Problem requirements.
From the first line to the last, copy the listing exactly and omit the images.

── Source material

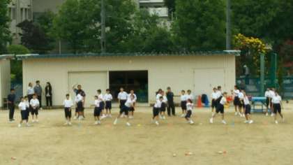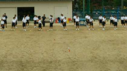 的場コーチ(アジア選手権やり投げ日本代表)の指導で「エイ・ヤー」と「あれれ?」と大騒ぎで羽根つきボールを投げました。
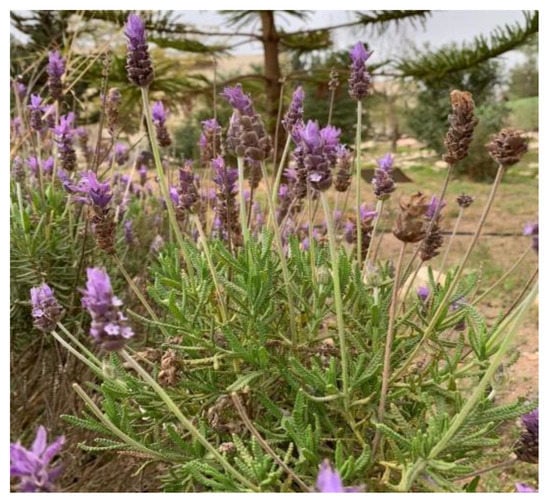 The aerial parts of the plant (leaves, stems, and flowers) of wild populations of L. officinalis (Figure 4) were manually collected in June 2018, in the Jerada Region (East of Morocco). The area of plant collection was characterized by short, hot and dry summers, and long, dry and cold winters with low precipitations, which is a typical Mediterranean climate.
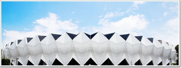 南平體育中心的外觀設計結合了“武夷茶花”的構思理念,用民間折紙的設計手法構造兩座“武夷茶花”造型的建筑,立面中每榀如同一只“千紙鶴”的翅膀,幾十只翅膀串連起來,猶如一朵盛開的白色“武夷茶花”。
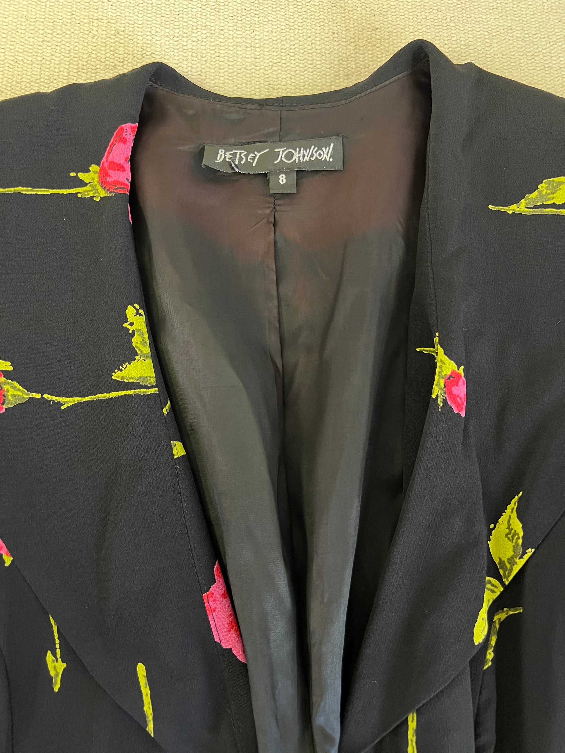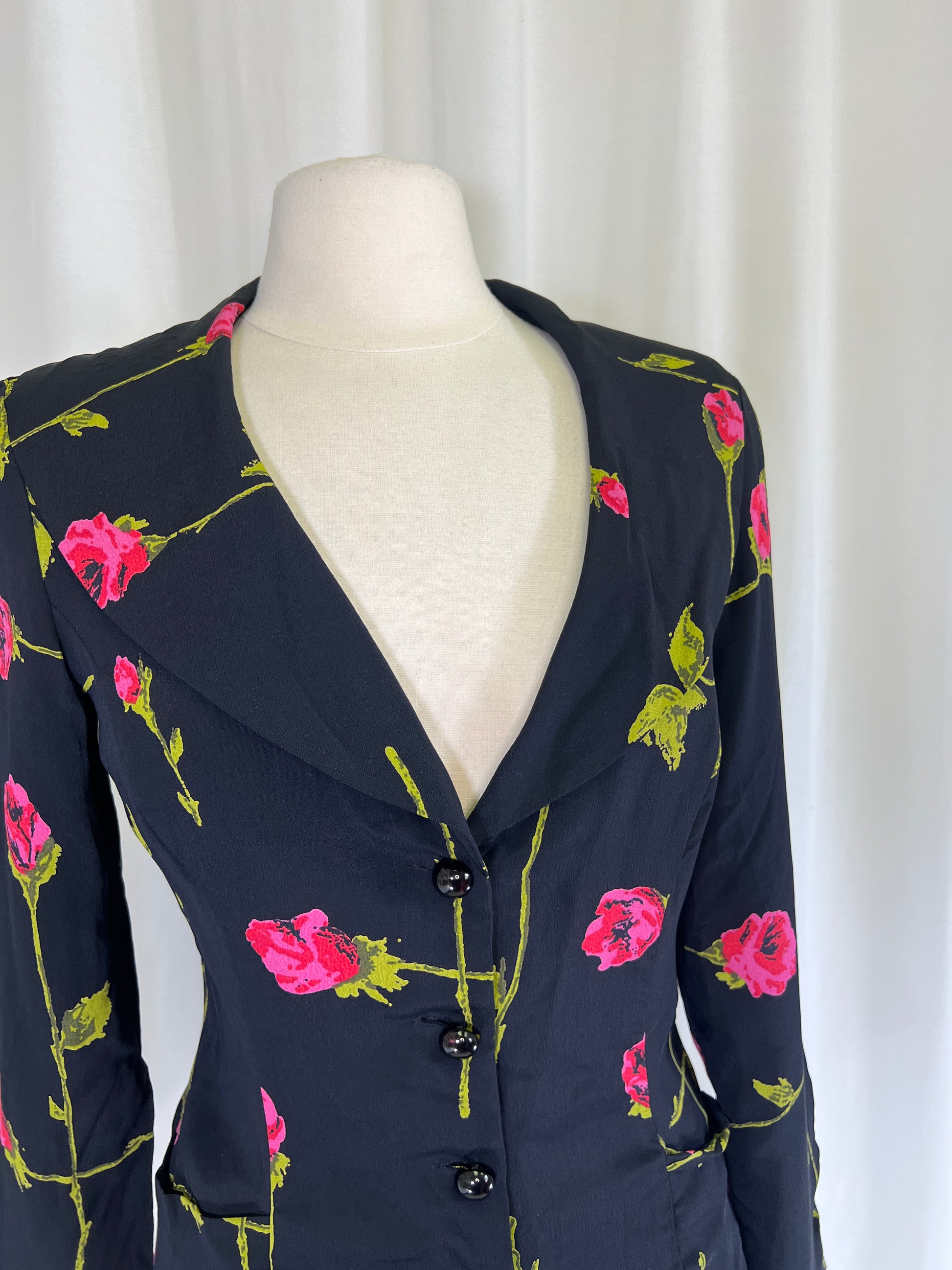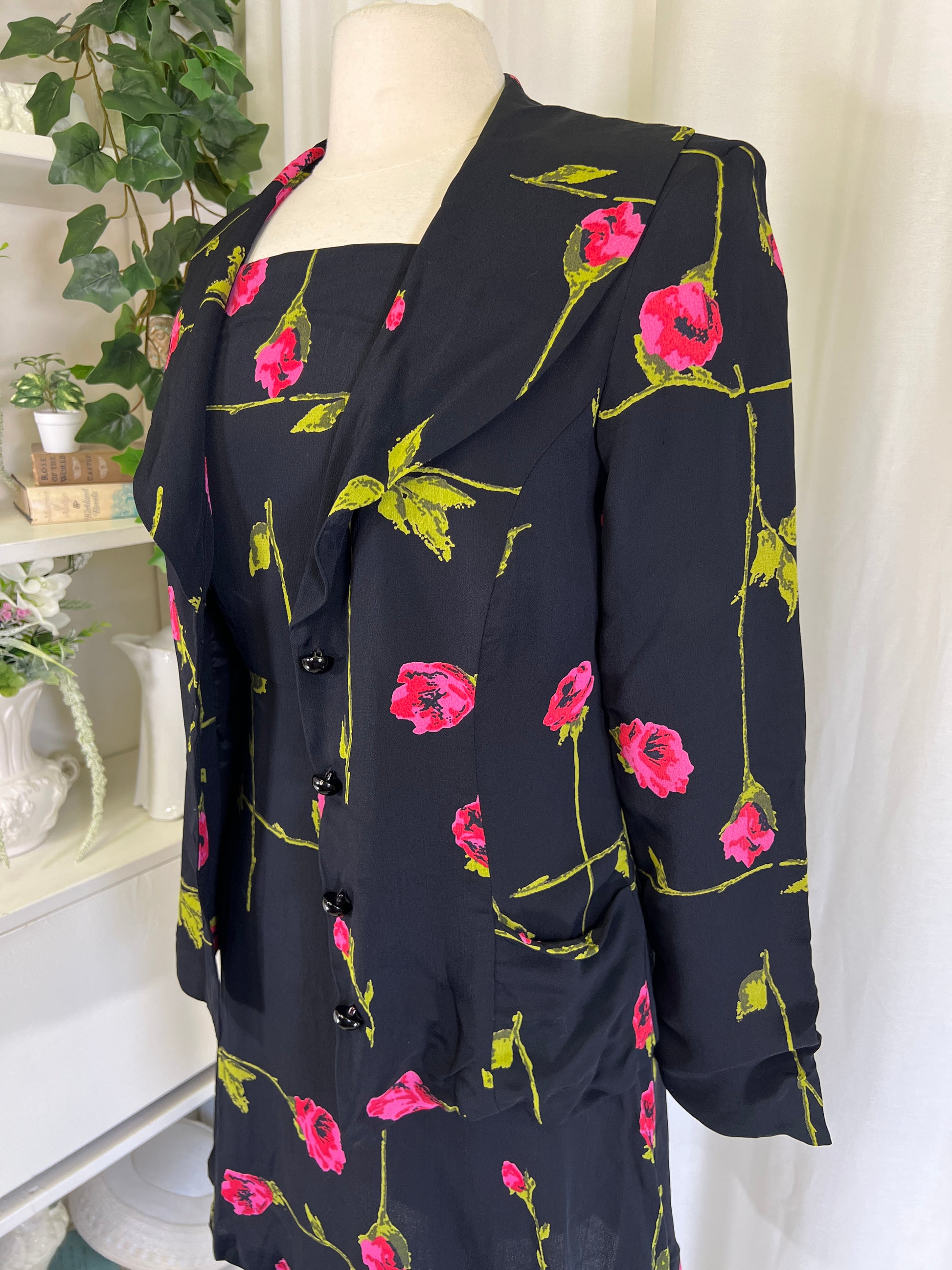 Are you ready for your rom com heroine moment? This Betsey Johnson set is covered in long stem roses and screams 90s romance! Wear them together with some kitten heels, or mix and match with your wardrobe! The dress is perfect on its own and the Jacket looks so chic with jeans and heels! The dress is marked a size 6 on the tag and the jacket a size 8.

────

Written response.
 的場コーチ(アジア選手権やり投げ日本代表)の指導で「エイ・ヤー」と「あれれ?」と大騒ぎで羽根つきボールを投げました。
 The aerial parts of the plant (leaves, stems, and flowers) of wild populations of L. officinalis (Figure 4) were manually collected in June 2018, in the Jerada Region (East of Morocco). The area of plant collection was characterized by short, hot and dry summers, and long, dry and cold winters with low precipitations, which is a typical Mediterranean climate.
 南平體育中心的外觀設計結合了“武夷茶花”的構思理念,用民間折紙的設計手法構造兩座“武夷茶花”造型的建筑,立面中每榀如同一只“千紙鶴”的翅膀,幾十只翅膀串連起來,猶如一朵盛開的白色“武夷茶花”。
 Are you ready for your rom com heroine moment? This Betsey Johnson set is covered in long stem roses and screams 90s romance! Wear them together with some kitten heels, or mix and match with your wardrobe! The dress is perfect on its own and the Jacket looks so chic with jeans and heels! The dress is marked a size 6 on the tag and the jacket a size 8.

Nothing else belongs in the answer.